A wide variety of data is available thanks to digital drive technology, which allows operators to keep the status of a drive or machine under constant observation. Combined with suitable analytical tools, this could be even used for predictive maintenance.
Traditional maintenance methods, in which systems are inspected at regular, set intervals, are not based on the actual condition of the systems in question. This means that systems may be checked either too early or too late.
While premature maintenance is acceptable and has little effect on cost, belated maintenance could mean machine damage or failure. In other words, with consequences that are just as serious and costly. Condition-based maintenance of drives is necessary to avoid this outcome, for instance.
Digital drive technology provides a key foundation for this process, so permanently recording machine and drive data. As a result, the actual condition of a component or system to be continuously monitored and conclusions to be drawn about their functionality.
Condition monitoring makes it possible to intervene in good time as soon as an unusual change in the machine’s condition is detected. Indeed, before the drive has the chance to fail.
When Drives Become Current Sensors
A vast array of different data sources are possible in this area. Electric motors and their actuators provide valuable information. Frequency converters, for example, collect a large amount of data that enables operators to reach conclusions about motors’ working condition.
Also a direct indication can be given, if it is necessary to check the bearings of motor and driven components. This is when a little more energy is needed to reach the same speed even though the process has not changed.
Further data can be recorded via additional sensors to gain a deeper understanding of the drive’s condition, as well as to predict possible wear, tear and failures.
Temperature sensors act as important indicators with electric motors, for instance. Because overheating is a sign of a defect that may result in future system failure. In addition, acoustic and vibration sensor data can be a useful source of information about the status of roller bearings. Or they drives as a whole, with vibration sensor technology offering particularly beneficial results in this regard.
Detailed manufacturer databases are available especially for the bearings used in industrial drives. These databases contain all components of each bearing type with their characteristic vibration frequencies. Therefore, with such manufacturer databases, the individual frequencies can be clearly identified and allocated.
Outliers from the typical frequency spectrum indicate early-stage damage.
Condition Monitoring with MEMS
Market research by Technavio has found that the use of vibration sensors in predictive maintenance processes is one of the factors driving solid growth in this segment. The global vibration-meter market is predicted to grow by 5 % a year on average between 2019 and 2023.
According to Technavio, micro-electromechanical sensors (MEMS) are seeing increased use in this area. Because they offering a cheaper, smaller and more energy-efficient alternative to conventional sensors.
MEMS is also part of a new system that uses the ultrasonic output from a machine or drive. The small MEMS microphones measure noise from 10 to 50-plus kilohertz. Changes within this range can point users to damage in fans’ bearings or dirty air inlets.
These systems’ sensitivity needs to be higher than that of conventional vibration or acoustic sensors, allowing damage to be detected at an even earlier stage.
Drives can also be retrofitted with modern condition-monitoring systems. Various drive manufacturers have developed compact sensor tags that are simple to attach to the drive’s housing. They also provide information about the operating parameters, such as vibrations, temperature and overloading. Additionally, they can then send the data to a smartphone or to the cloud via wireless communications interfaces for further analysis.

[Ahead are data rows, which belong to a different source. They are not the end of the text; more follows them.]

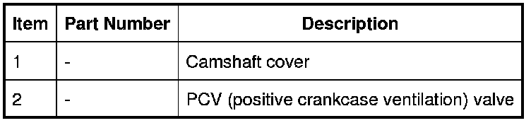 The engine crankcase is ventilated through a PCV (positive crankcase ventilation) valve located on the camshaft cover. The crankcase gasses are transferred internally to the PCV (positive crankcase ventilation). The PCV (positive crankcase ventilation) valve prevents reverse airflow into the crankcase.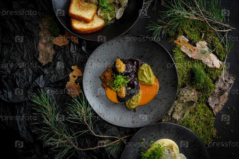 Стейк из черной говядины с кремом из запеченной тыквы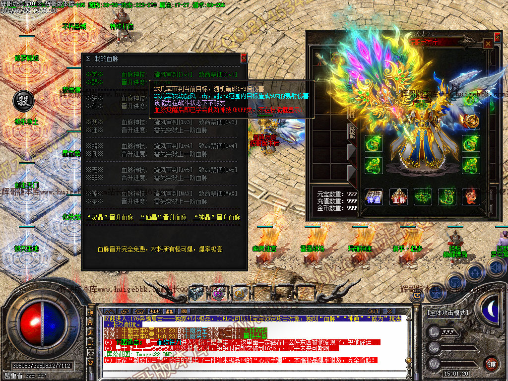 [特色玩法] 独创血脉体系,免费晋升,附带超强血技.首创神通体系,各种强大打怪增益.独创装备修为体系,高极品几率觉醒,狠强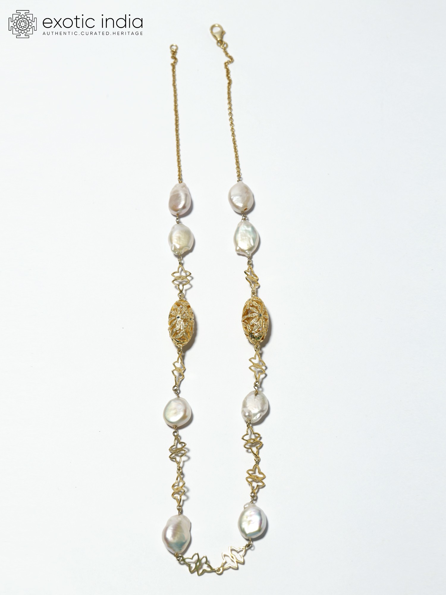 This exquisite necklace is a testament to timeless elegance, seamlessly blending the lustrous beauty of natural pearls with the sophistication of sterling silver. Each unshaped pearl is unique, showcasing the organic beauty of nature. Their soft, creamy tones dance with the light, creating a captivating shimmer that elevates any outfit. The pearls are thoughtfully interspersed with delicate gold-plated sterling silver accents, creating a visually stunning contrast. These intricate gold-toned filigree elements add a touch of modern flair to this classic design, ensuring this necklace remains a cherished piece for years to come. The necklace hangs at a versatile 10.5 inches, making it perfect for layering or wearing solo.
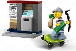 - Tutto nella confezione – moto, skateboard, bancomat, minifigure dell’agente e del ladro.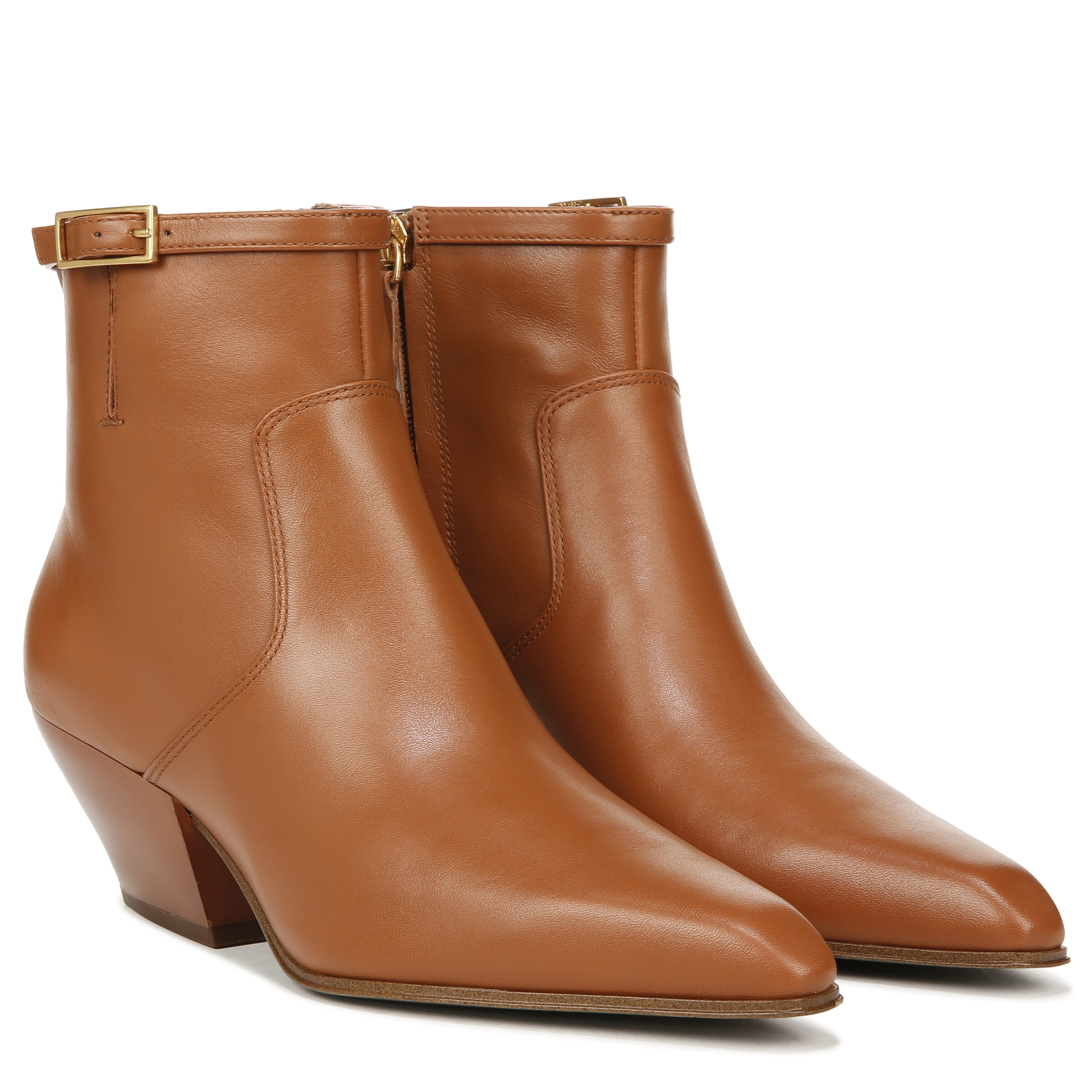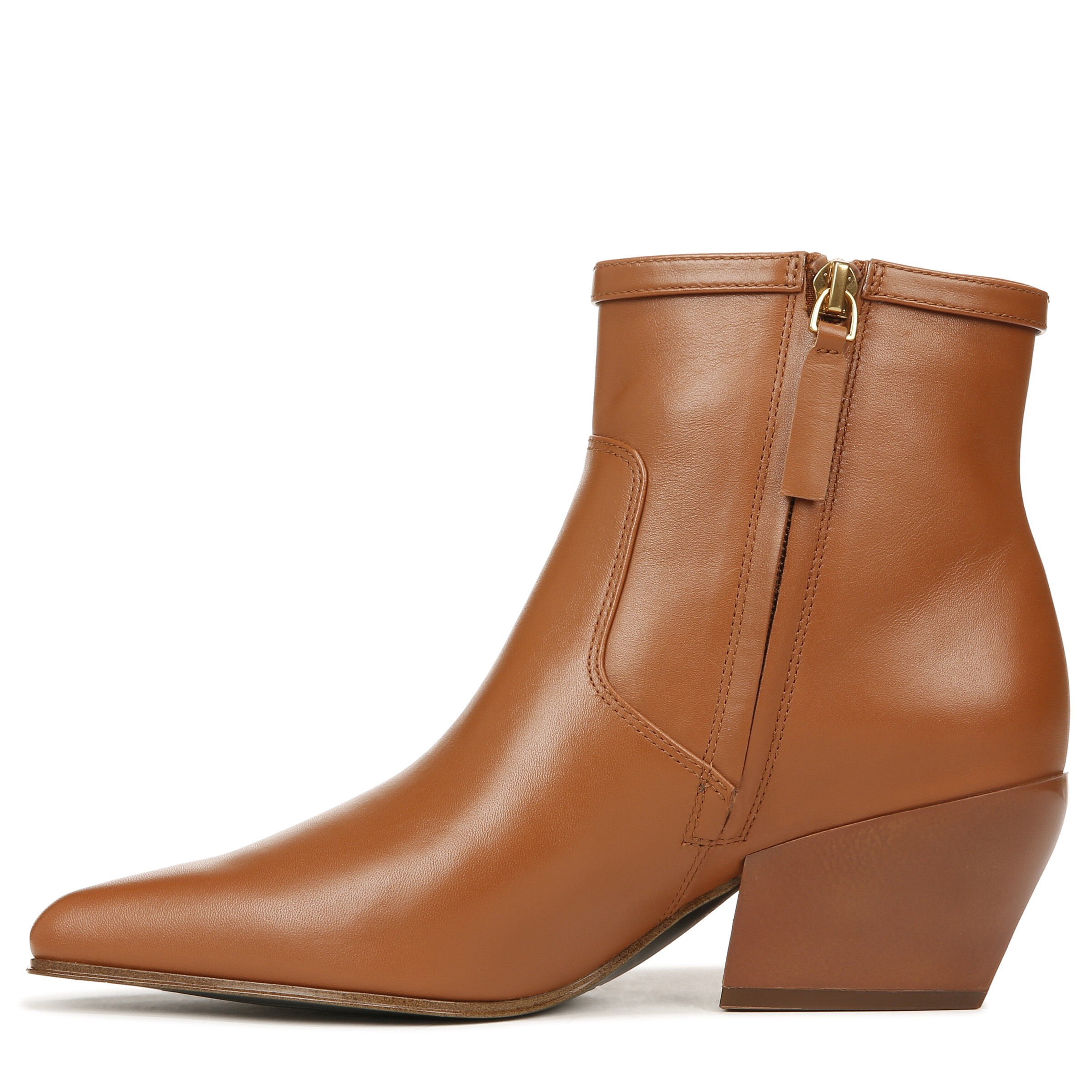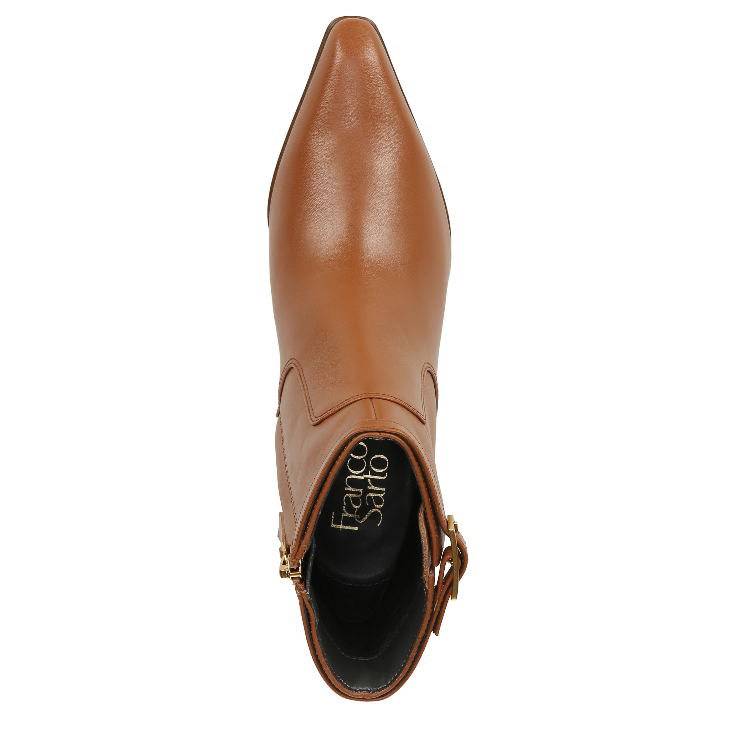 Exude a sleek and sophisticated style as you step outdoors wearing Franco Sarto® Amber Booties with pointed toe and zipper closure for easy on/off. The ankle-high boots come with a responsibly sourced leather upper, synthetic lining, and cushion memory foam insole.

While condition monitoring only supports recognition of the current situation, predictive maintenance can be used for long-term planning of when maintenance will be necessary or how long a component will continue to work reliably.
This means higher system availability, reduced costs, a longer drive service life and – most importantly – no unplanned downtime. To this end, patterns are detected from the condition-monitoring data to create insightful predictions.
Artificial intelligence (AI) is playing an increasingly important supporting role in this process, as the amount of data generated by the drives and sensors is too large to be quickly evaluated and interpreted by human talent alone.
The plant operator can only benefit from the data that has been collected once it is processed by suitable methods of mathematical AI analysis.
Today, these methods take the form of analytical tools requiring high computing capacity, mostly stored in the cloud. As a result, the communication capability of digital drives is essential. The data can only be transferred from the motor to the plant controller to the cloud through the appropriate interfaces.
With the growing intelligence of the drives themselves and the effectiveness of their controllers, however, these analyses can increasingly be shifted to the drives.
This way, at the very least, simple factors can be evaluated locally in a direct process and displayed on a device such as the plant operator’s smartphone.